Ejemplos de anfitriones de expresión preferidos dentro del alcance de la presente invención son hongos tales como las especies Aspergillus (descritas en la EP-A-184,438 y la EP-A-284,603) y las especies Trichoderma; bacterias tales como las especies Bacillus (descritas en la EP-A-134,048 y la EP-A-253,455), por ejemplo, Bacillus subtilis, Bacillus licheniformis, Bacillus amyloliquefaciens, las especies Pseudomonas; y levaduras tales como las especies Kluyveromices (descritas en la EP-A-096,430, por ejemplo, Kluyveromices lactis en la EP-A-301,670) y las especies Saccharomices, por ejemplo, Saccharomyces cerevisiae.

Las células anfitrionas de acuerdo con la invención incluyen células vegetales, y por lo tanto la invención se extiende a organismos transgénicos, tales como plantas y partes de las mismas, que contienen una o más células de la invención. Las células pueden expresar heterólogamente el polipéptido de la invención o pueden contener heterólogamente uno o más de los polinucleótidos de la invención. La planta transgénica (o modificada genéticamente) puede por lo tanto tener insertada (por ejemplo, establemente) en su genoma una secuencia que codifica uno o más de los polipéptidos de la invención. La transformación de las células vegetales se puede llevar a cabo utilizando técnicas conocidas, por ejemplo utilizando un plásmido Ti o Ri de Agrobacterium tumefaciens. El plásmido (o vector) puede contener así secuencias necesarias para infectar una planta, y se pueden emplear derivados de los plásmidos Ti y/o Ri.

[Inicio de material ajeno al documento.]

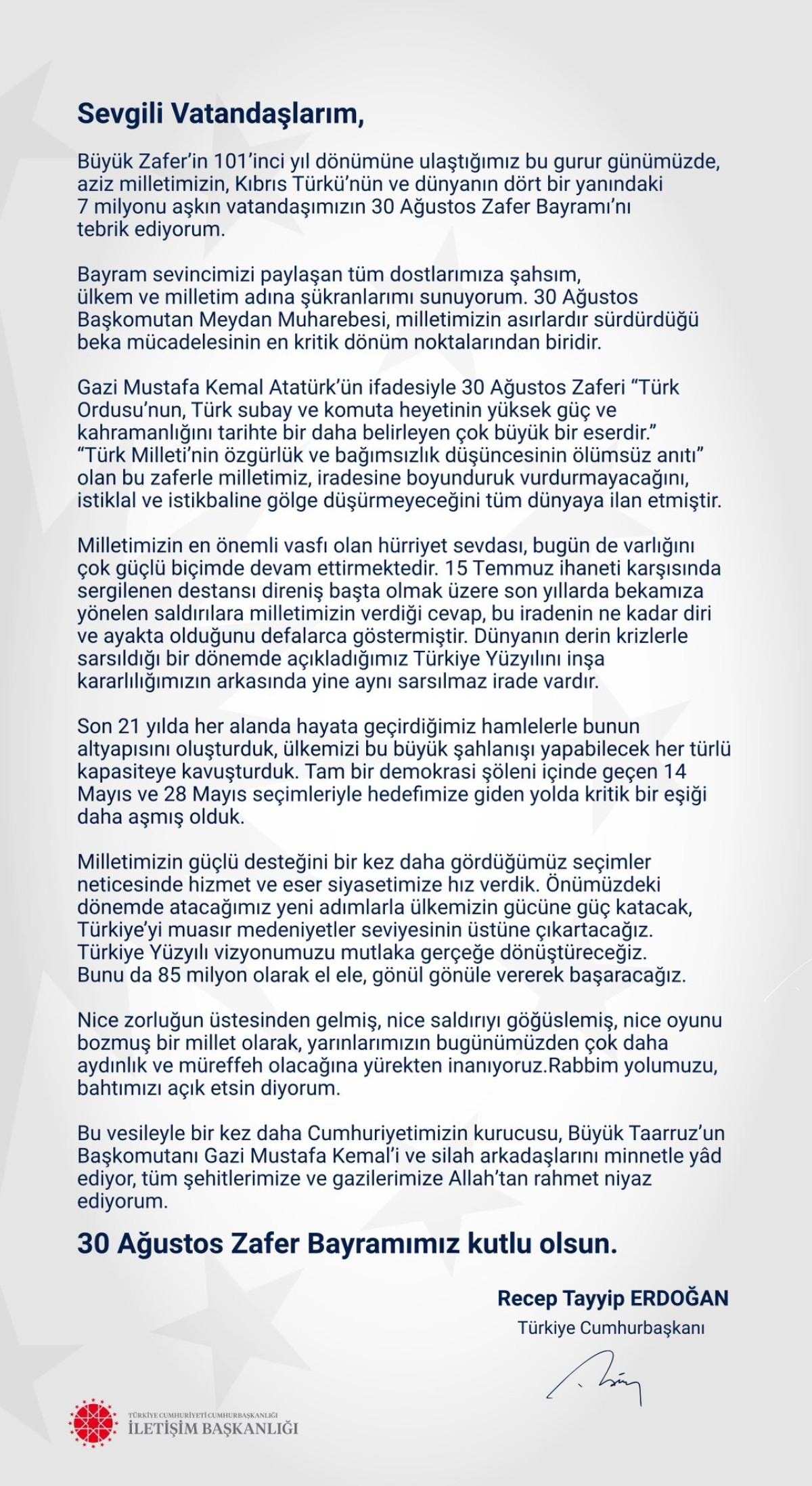 Cumhurbaşkanı Recep Tayyip Erdoğan da 30 Ağustos Zafer Bayramı'nın yıl dönümünde bir mesaj yayınladı.

Alternativamente se puede efectuar la infección directa de una parte de una planta, tal como una hoja, raíz o tallo. En esta técnica la planta a ser infectada puede ser herida, por ejemplo se corta la planta con una cuchilla o se punciona la planta con una aguja o se frota la planta con un abrasivo. La herida es inoculada entonces con el Agrobacterium. La planta o la parte de la planta puede entonces hacerse crecer en un medio de cultivo adecuado y se permite que se desarrolle en una planta adulta. La regeneración de las células transformadas en plantas modificadas genéticamente se puede lograr utilizando técnicas conocidas, por ejemplo seleccionando brotes transformados utilizando un antibiótico y por sub-cultivo de los brotes en un medio que contiene los nutrientes apropiados, las hormonas vegetales y similares17.

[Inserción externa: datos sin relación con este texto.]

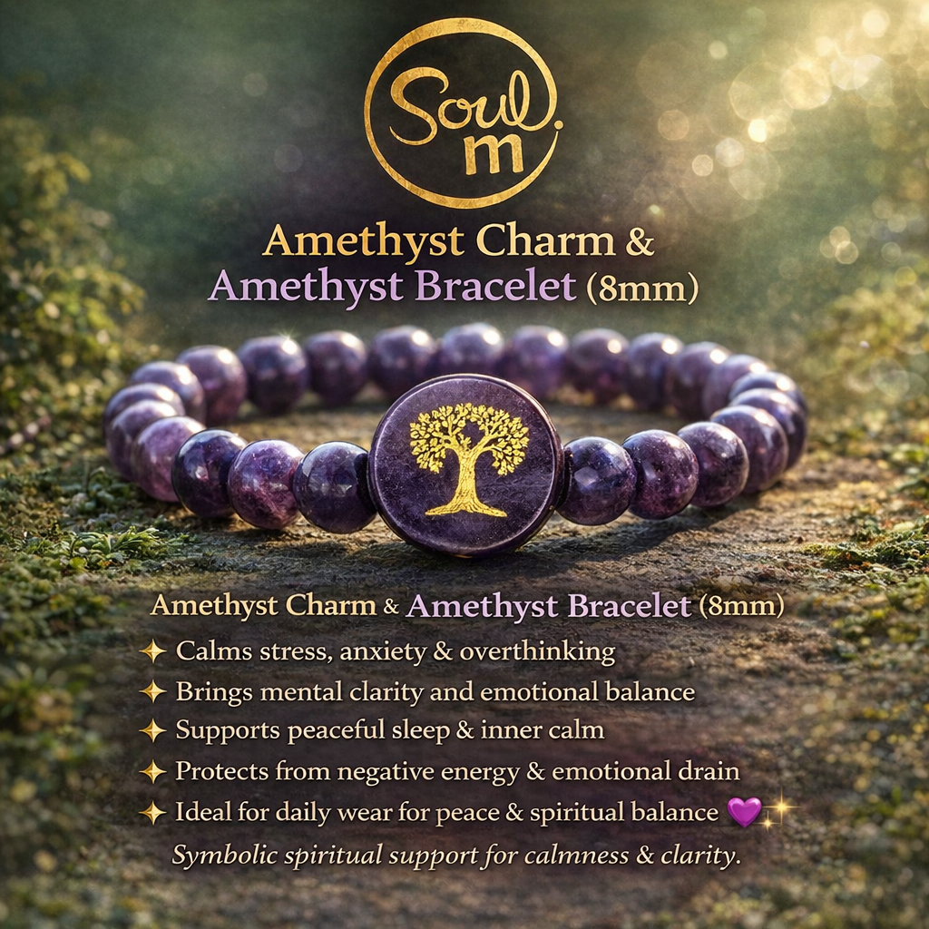 🌟 Amethyst charm – Amplifies peace, protection and spiritual energy

Cultivos de células anfitrionas y producción recombinante

La invención también incluye células que han sido modificadas para expresar la β-glucanasa o una variante de la mismas. Tales células incluyen líneas celulares eucariotas superiores, transientes, o preferiblemente estables, tales como células de mamífero o células de insecto, células eucariotas inferiores, tales como levadura y células fúngicas (por ejemplo, filamentosas) o células procariotas tales como células bacterianas.

También es posible para las proteínas de la invención ser expresadas transientemente en una línea celular o sobre una membrana, tal como por ejemplo en un sistema de expresión de baculovirus. Tales sistemas, que se adaptan para expresar las proteínas de acuerdo con la invención, también se incluyen dentro del alcance de la presente invención.

De acuerdo con la presente invención, la producción del polipéptido de la invención se puede efectuar mediante el cultivo de anfitriones de expresión microbiano, que han sido transformados con uno o más polinucleótidos de la presente invención, en un medio de fermentación de nutriente convencional.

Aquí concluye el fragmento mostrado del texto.